= Government of Abia State =

Supreme governing authority of Abia State

The government of Abia State is the supreme governing authority of Abia State and its local governments, in the Southeastern region of Nigeria. It consists of the executive headed by the governor, the legislative and the judiciary.

==The Executive==
The Executive is an arm of the Abia State Government that oversees the daily administration of the state and the implementation of bills. The Executive is headed by the Governor of Abia State – who is allowed to appoint special advisers through the Legislative – followed by the Deputy Governor. The other offices which make up the executives are the office of the Secretary to the state government and twenty-three Commissioners.

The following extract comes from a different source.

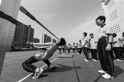 连日来,金华市丽泽中学开展了丰富多彩的校园吉尼斯活动,包含平板支撑、“金鸡独立”、投篮、过低杆、颠球等项目,让学生们在趣味游戏中增强体质、健康成长。图为过低杆比赛现场。(本报通讯员 胡肖飞 摄)
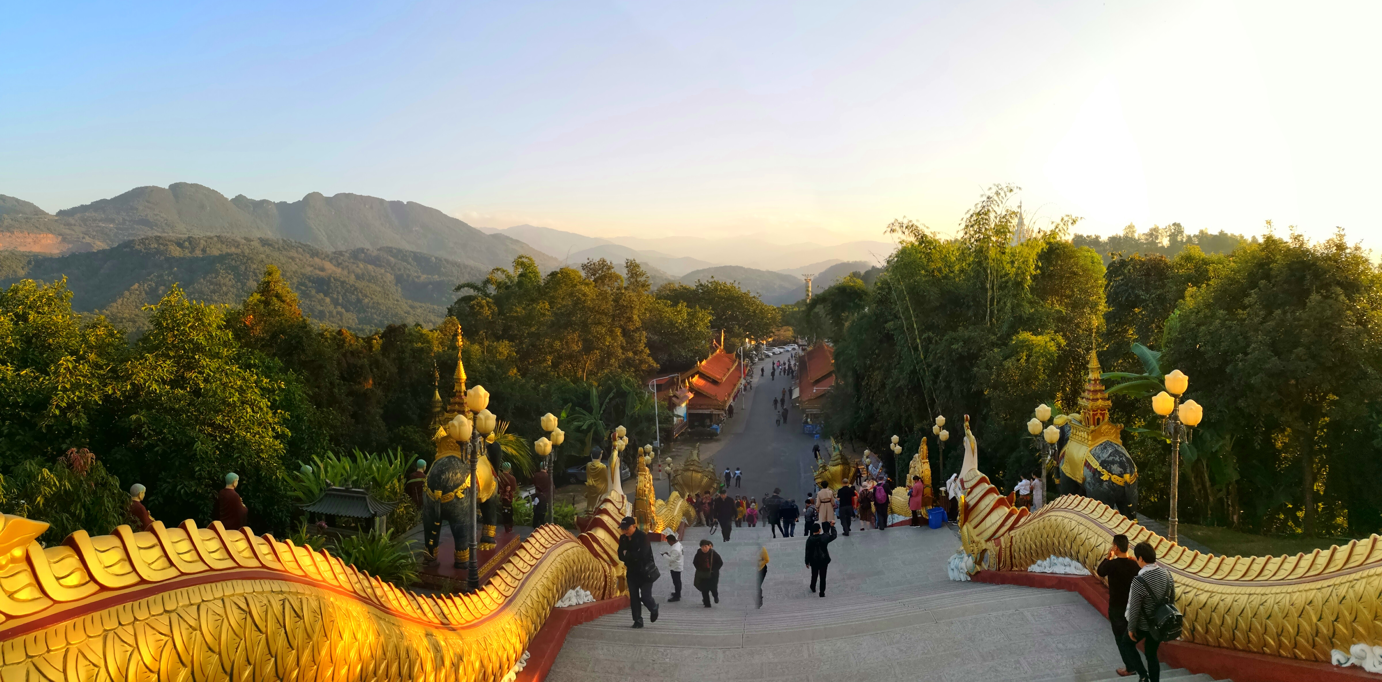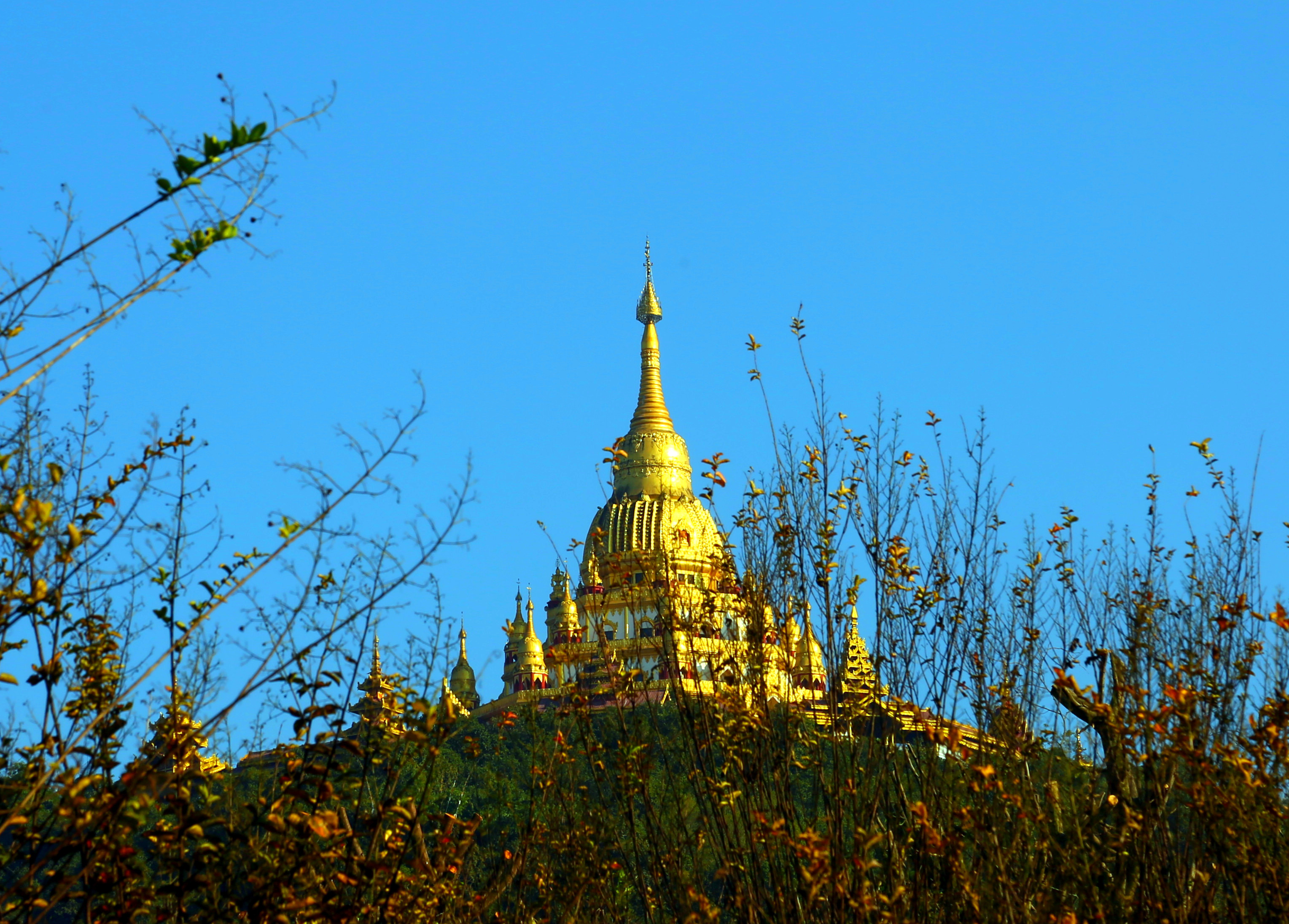 休息一夜,次日来到了勐焕大金塔。大金塔位于芒市东南部孔雀湖畔的雷牙让山顶,属南亚傣王宫的建筑风格,有着深厚的民族文化内涵。

=== List of ministries and their commissioners sworn in by Governor Okezie Ikpeazu in 2021 ===

| Ministry | Incumbent commissioner |
|---|---|
| Agriculture | Professor Ikechi Mgbeoji |
| Commerce and Industry | Mrs Uwaoma Olewengwa |
| Culture and Tourism | Barr Tony Nwanmuo |
| Education | Barr. Chijioke Mark |
| Environment | Barr. Sam Nwogu |
| Basic Education | Chief Ukwu Rocks Emma |
| Inter Governmental affairs | Prince Obinna Okey |
| Housing | Chief Chinagorom Nwankpa |
| Information and Strategy | Barrister Eze Chikamnayo |
| Justice | Umeh Kalu |
| Lands and Survey | Dr Chidi Onwuchuruba |
| Local Government/Chieftaincy Affairs | Prince Christopher Enweremadu |
| Petroleum | Chief Eze Nwanganga |
| Public Utilities | Chief Kingsley Imaga |
| Rural Development and Poverty Reduction | Mazi Donatus Okorie |
| Science and Technology | Chief Okezie Erondu |
| Sports | Pascal Karibe Ojigwe |
| Transport | Chief Godswill Uche Nwanoruo |
| SME and new business development | Mrs Adaku Uwaoma Onusiriuka Oseiza |
| Women Affairs and Social Development | Deaconess Rose Urenta |
| Documentation and Strategic Communication | Mr Ugochukwu Emezue |
| Youth Development | Barr.Charles Esonu |
| Lands and Survey | Dr Chidi Onwuchuruba |
| Homeland Security | Mr. Sopuruchi Bekee |
| Finance and Economic Development | Philip Nto |
| Health | O.S Ogah |
| Homeland Security | Mr. Sopuruchi Bekee |
| Special duties and Vulnerable groups | Chief Chisom Nwachukwu |

==The Legislature==
The Legislature or state house of assembly of the Abia State Government is the second arm of government concerned with law-making and the passing of bills. Headed by a speaker and consisting of elected members from each constituency of the state, the legislature play a key role in the appointment of state commissioners, Chief judges and other top governmental posts.

==The Judiciary==

The Judiciary of Abia State consists of 11 departments and also a Judicial Service Commission with statutory duties which includes the promotion and appointment of judicial staffs. It is one of the co-equal arms of the Abia State Government vested with constitutional power to interpret and make laws. It is headed by the Chief Judge of Abia State, who is appointed by the Abia State Governor through the approval of the Abia State House of Assembly.

===Levels of Court===

The Abia State courts consist of three levels of court which through their respective judges or magistrates perform law-related functions. The high court determines what case to hear while the other levels of court include the Customary courts, which are presided over by a Chairman and two other court judges, and the Magistrates.